Start of RECORDED DATA

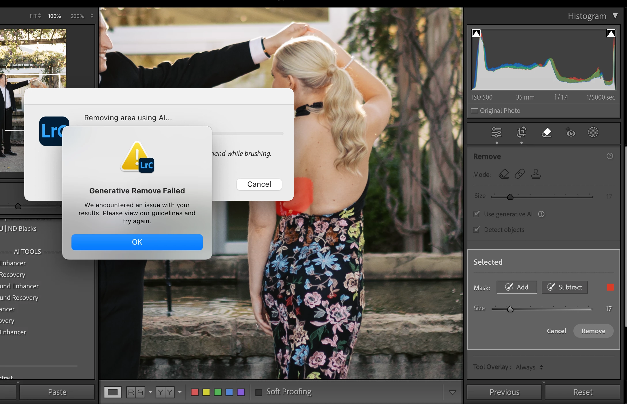 @SamuelStallardPhotography: "There's an issue with smoothing/chaning skin where the generative fill recognizes an "inappropriate" object incorrectly and refuses to generate."
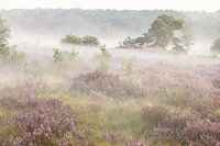 Heide landschap op een mistige ochtend in Nationaal Park Veluwezoom.
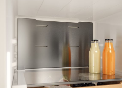 Zadná stena z nerezovej ocele sa ľahko čistí a zabraňuje tvorbe biofilmu, ktorý môže byť nositeľom baktérií. Udržuje tak čerstvosť a chuť potravín. Nerezové prvky navyše dodávajú chladničke prémiový vzhľad a pomáhajú udržiavať nízku teplotu.
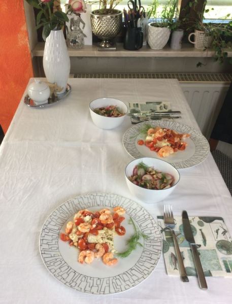 Garnelen-Saganaki mit Fenchel-Radieschen-Salat
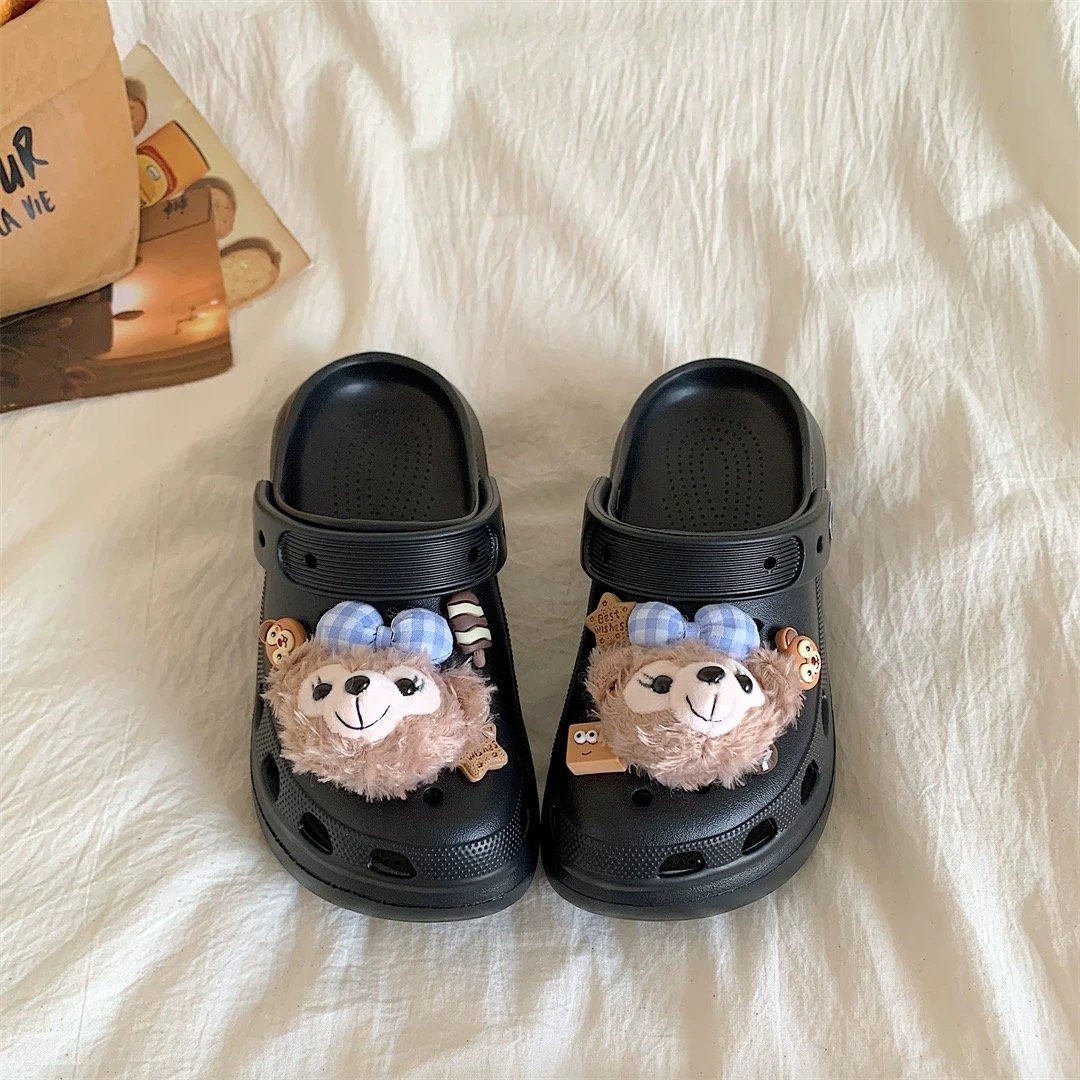 Fluffy Teddy Bear-Themed Black Croc Clogs with Checkered Bow Shoe Accessories
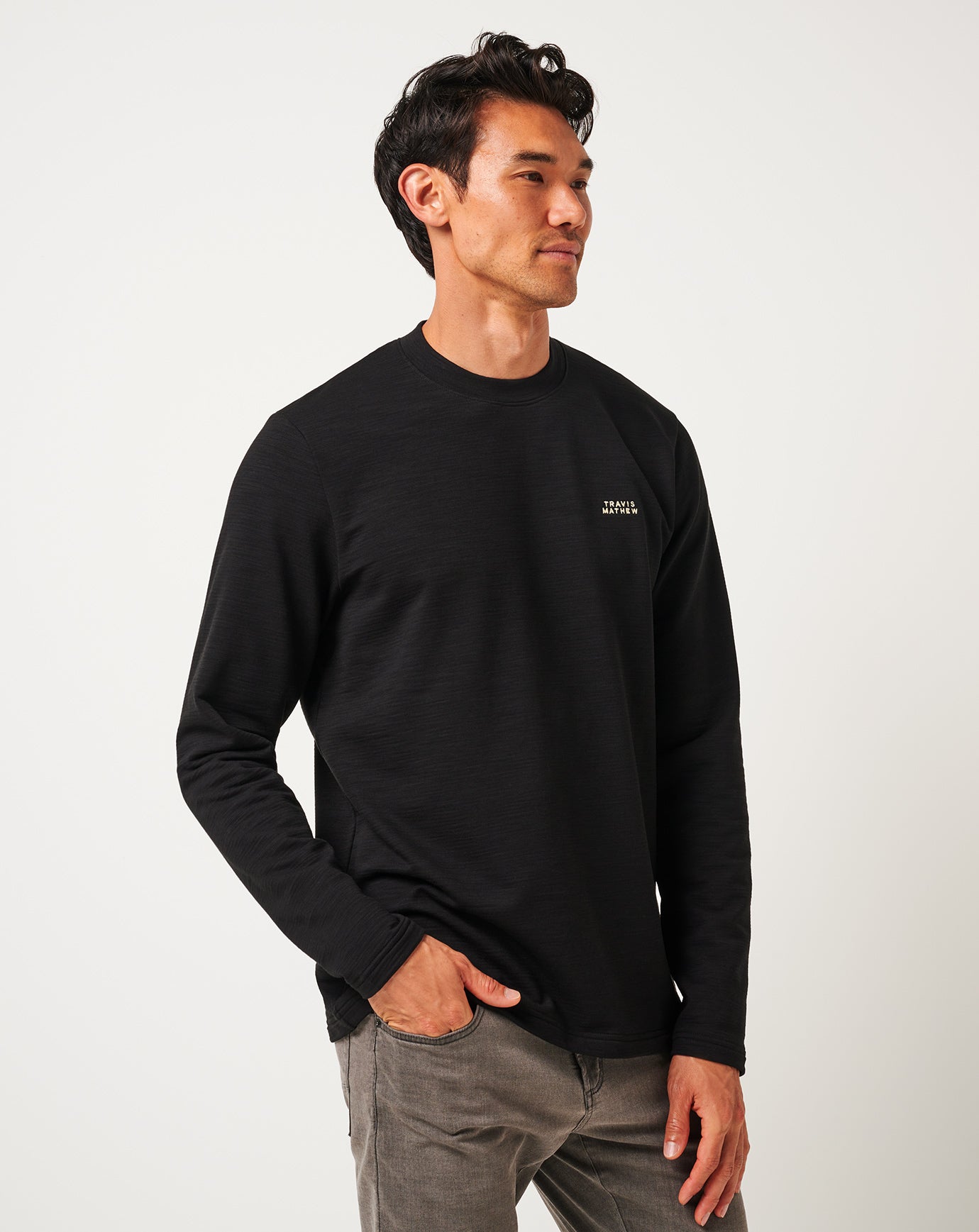 Casual, comfortable, and just a little refined—the MAN ABOUT TOWN, a soft, crewneck pullover sweater, brings effortless style with a clean crew neck, embroidered TravisMathew block logo, and an Italian sand twill tape detail for that extra touch.
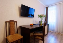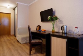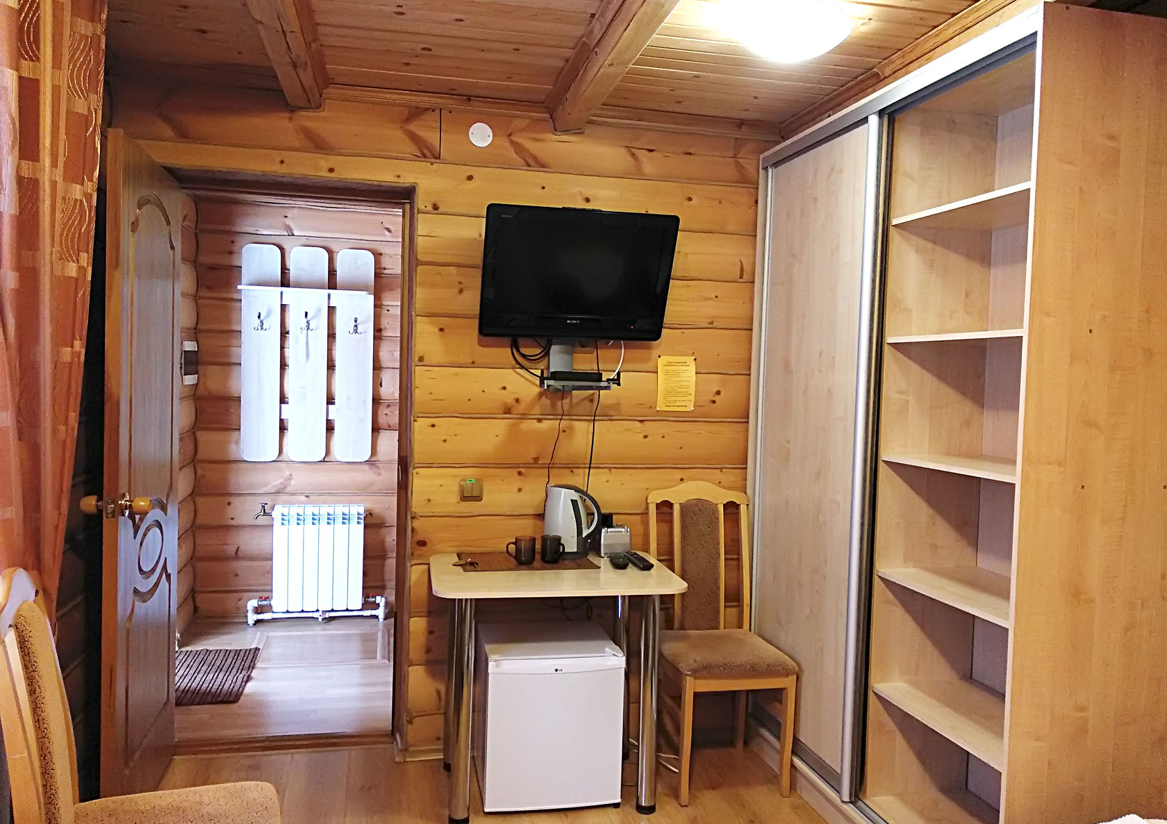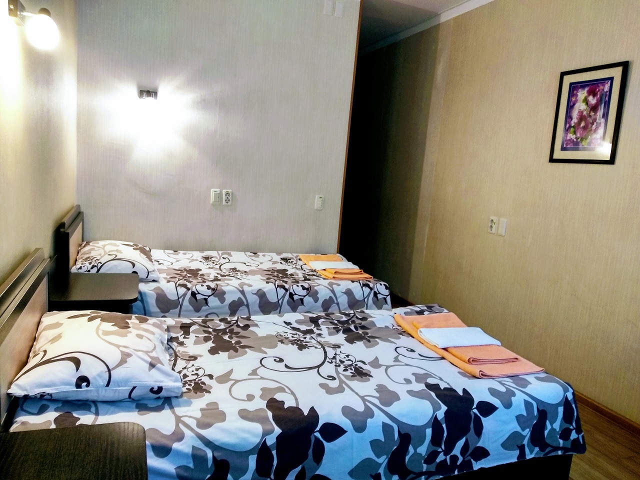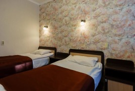- 1-местный, 2-местный 1-комнатный Улучшенный стандарт плюс. Площадь номера: 16 кв.м. В номере: две односпальные кровати,ЖК-телевизор, спутниковое TV, холодильник, фен, санузел с душевой кабиной, банные полотенца, гигиенические средства, чайный набор, чайник, отдельный вход.

End of RECORDED DATA

[TASK BRIEF]
Transcribe, word for word, the lines of the listing above from the one that contains "Zadná stena z" through the one that contains "Fluffy Teddy Bear-Themed", keeping both ends and dropping the pictures.

[EXPECTED OUTPUT]
 Zadná stena z nerezovej ocele sa ľahko čistí a zabraňuje tvorbe biofilmu, ktorý môže byť nositeľom baktérií. Udržuje tak čerstvosť a chuť potravín. Nerezové prvky navyše dodávajú chladničke prémiový vzhľad a pomáhajú udržiavať nízku teplotu.
 Garnelen-Saganaki mit Fenchel-Radieschen-Salat
 Fluffy Teddy Bear-Themed Black Croc Clogs with Checkered Bow Shoe Accessories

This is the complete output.